# Write metadata from recovered images?



## squidman (Nov 23, 2018)

I managed to lose about 80 images from SDHC cards that I did not save in Lightroom Classic.   Using the Adobe script to recover images from previews I sucessfully recovered the lost images as jpegs. I would like to recover the metadata for each preview , specifically the location and GPS data, that are shown in the metadata column of the Library window. I welcome all and any suggestions. The “write to file” instruction does. Not work in my case since the preview data can not be refreshed since the originals are absent.  ThanksCLassic


----------



## Philippe Coudé du Foresto (Nov 24, 2018)

What do you mean by "I did not save In Lightroom Classic" ?  If by this this you mean "import in LR", they should still be referenced in the catalog with their metadata. You could then copy these info back to image recovered from the preview.
If they were not impirted in LR, you couldn't have a previexw of these images.


----------



## squidman (Nov 25, 2018)

Thank you  so much for your suggestion Phillipe.
Sadly, things are not so simple. The images were  erased  from the SDHC cards, but do still appear in my catalog as the second of two folders:labelled Internal SSD and Sony, the name of my data card. Under "Sony" there are 2 entries under the folder labelled SONY:100MSDCF and 101MSDCF. In the former are 62 images, in the latter: 18. Previews for all 62 deleted images are present under LIBRARY and the corresponding metadata are given in the usual Metadata section at the right of the previews display.  As I mentioned earlier, I successfully used the Adobe supplied script to generate JPEG images for all 62 Previews saved in a Desktop file. I used data recovery software in unsuccessful attempts to recover  the images from both my SSD and the SDHC card labelled "SONY" on my MacBook Air where the images were written originally. These images are important to me because they are of sundry things I observed on my trip to the Antartica Peninsula this past January and February. I was using a new Sony DSC-RX 10 M4 camera which has the equivalent of a max 600mm zoom! In additional to the GPS data for images taken with my iPhone X,  the Sony camera allowed me to connect to my iPhone and obtain the GPS data from it ,  which were written into the appropriate image metadata. Sorry to be so long winded, but as best as I can determine the orinal images no longer exist. I hope the attached screenshot gives a clear picture of the situation.  Bill


----------



## Philippe Coudé du Foresto (Nov 25, 2018)

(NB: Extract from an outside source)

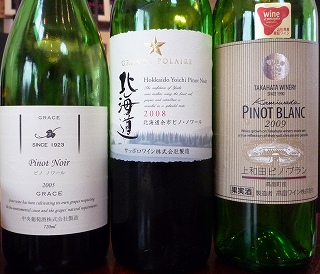 メルシャンの試飲・地下セラー見学・葡萄畑見学が終わって、お約束のランチを取りに勝沼のミルプランタンに行きました。レカンでソムリエをされていた五味さんが始めたお店です。まだオープンして数ヶ月とか・・飲んだワインはワインリストから選びました。輸入ワインが70%、国産ワインが30%位でした。お料理はサラダとスープ、メインは甲州ワインビーフ腿肉のステーキかパエリアでした。私と2人の女性だけがパエリアで後の方は皆さんステーキをお選びになりました。サラダオニオンと舞茸のスープパエリア このパエリアがマダムに不評で・・ちょいとお怒りでした。私も半分残して・・・でした。 ステーキは美味しかった様です。ワインは高畠ワイン上和田ピノ・ブラン2009 720ml上和田ピノ・ブラン 2009 高畠ワイナリー 国産のピノ・ブラン珍しいので頼んでみました。綺麗な切れの良い酸のワインでフレッシュで果実感もあって美味しいワインです。雑味や酒精感も無く、料理に合わせやすいワインだと思います。グラン・ポレール 北海道余市ピノ・ノワール[2008]北海道余市ピノ・ノワール[2008]グラン・ポレール メルローとカベルネを飲んだので国産のピノを2種類注文してみました。同じ余市町の葡萄のワインです。アルザスやドイツのピノの感じですね。甘いベリー香と強めの酸、色も淡く薄めです。タンニンも弱く濃いめのロゼと言った感じでしょうか。販売店資料よりグランポレール 北海道余市ピノ・ノワール年産わずか1382本の限定品!希少な北海道余市産ピノ・ノワール100%!過去10年間でも最高と言われる豊かな日照と低降水量に象徴された素晴らしい作柄。ブルゴーニュのピノ・ノワールやニューワールドのピノ・ノワールとは一線を画す味わい!スミレやイチゴのアロマにかすかにオーク由来のバターやバニラのニュアンス、心地良い酸、柔らかいタンニン、ビロードのような滑らかな余韻。 【ワイン】【10P12oct10】雄大な北海道の自然が育んだ【赤ワイン】グレイス ピノ・ノワールVintage2007 ミディアムボディ750ml ピノ・ノワール 2005 グレースサッポロより酒質も強く、ピノ・ノワールらしいワインです。スミレやベリーの香りに適度な熟成香も出ています。程よいミネラルと綺麗な酸、繊細な果実味、軽めのピノですがバランス良くまとまっています。流石三澤さんのワインだと思いました。木が樹齢を重ねるごとに美味しくなって来るでしょう。今後が楽しみなワインです。販売店資料より中央葡萄酒さんがブドウ栽培適地北海道余市町の名人・木村忠氏にお願いして作っていただいたブドウ(本場フランスに多い垣根方式で栽培)を千歳工場で醸造し木樽熟成したワイン!4年前同様のワイン(余市産ブドウ使用とは書いてありましたが、木村氏の育てたブドウで造られたかは不明)を試飲したときにはやや薄いながらもバランスの取れた味わいでしたが、今ではぐっとボディーが増し、北海道らしい酸味の効いた爽やかなワインです!栽培面積:1ha 樹齢16年樹 0.5ha 樹齢4年樹 0.5haアルコール度数:12% 醸造法:コールドマセレーション有、 タンク発酵、MLF、小樽貯蔵

I'm surprised that folders/images on the SD card are referenced in the catalog. When I import from memory card, my LR never allows me to reference the files on the card by using  ADD. Instead, I have to COPY the file somewhere on a HD where they are referenced in my catalog. Strange but this will be useful in your case.
The important consequence is that these lost images are still referenced in your catalog which therefore still contains all their metadata like GPS coordinates.
So, if I understand correctly, you have jpeg files of your images (created from the previews) and lost images referenced in the catalog but with no originals.
The only thing you have to do is make these recovered jpeg your new originals. 
The simplest way to this is, pictures by pictures, click on the "!", then click on "Find" in the dialog box to locate the corresponding recovered jpeg.  This will link the record in the catalog (which has all the metadata including the GPS coordinates) to the jpeg file.
Ok course, if you did some develop edit on your original raws, you will have to reset them. This is done in the develop module by clicking "Reset" in the bottom right.


----------



## Jim Wilde (Nov 25, 2018)

Philippe Coudé du Foresto said:


> I'm surprised that folders/images on the SD card are referenced in the catalog. When I import from memory card, my LR never allows me to reference the files on the card by using  ADD. Instead, I have to COPY the file somewhere on a HD where they are referenced in my catalog. Strange but this will be useful in your case.



We sometimes come across this situation, and it's usually caused by the user inadvertently having the same SD card folder specified as the *Destination *folder on the Import dialog. So basically LR reads from the SD card and writes back to the same card, that adds the card and folder to the catalog, then when the card is removed they are all "missing".

I always use the "Make second copy" option during import, which would give protection against loss of the originals.


----------



## squidman (Nov 25, 2018)

Philippe Coudé du Foresto said:


> I'm surprised that folders/images on the SD card are referenced in the catalog. When I import from memory card, my LR never allows me to reference the files on the card by using  ADD. Instead, I have to COPY the file somewhere on a HD where they are referenced in my catalog. Strange but this will be useful in your case.
> The important consequence is that these lost images are still referenced in your catalog which therefore still contains all their metadata like GPS coordinates.
> So, if I understand correctly, you have jpeg files of your images (created from the previews) and lost images referenced in the catalog but with no originals.
> The only thing you have to do is make these recovered jpeg your new originals.
> ...





Jim Wilde said:


> We sometimes come across this situation, and it's usually caused by the user inadvertently having the same SD card folder specified as the *Destination *folder on the Import dialog. So basically LR reads from the SD card and writes back to the same card, that adds the card and folder to the catalog, then when the card is removed they are all "missing".
> 
> I always use the "Make second copy" option during import, which would give protection against loss of the originals.





Jim Wilde said:


> We sometimes come across this situation, and it's usually caused by the user inadvertently having the same SD card folder specified as the *Destination *folder on the Import dialog. So basically LR reads from the SD card and writes back to the same card, that adds the card and folder to the catalog, then when the card is removed they are all "missing".
> 
> I always use the "Make second copy" option during import, which would give protection against loss of the originals.




Thanks Jim- I think that is exactly what happened because the the original preview names in the metadata column were all "name-2.xxx".  After recovering the images as jpegs I subsequently removed the "-2 f"rom the names of the recovered files.

Thanks Phillippe for your advice. I was thinking that the metadata had to be associated with the reviews but couldn't figure out how to reattach them to the images.  I will give your plan of attack a try when I have a chance and reply with the results . Bill


----------



## squidman (Nov 25, 2018)

Thank you so much for your suggestions Philippe and Jim- Bingo, all is well now. Bill


----------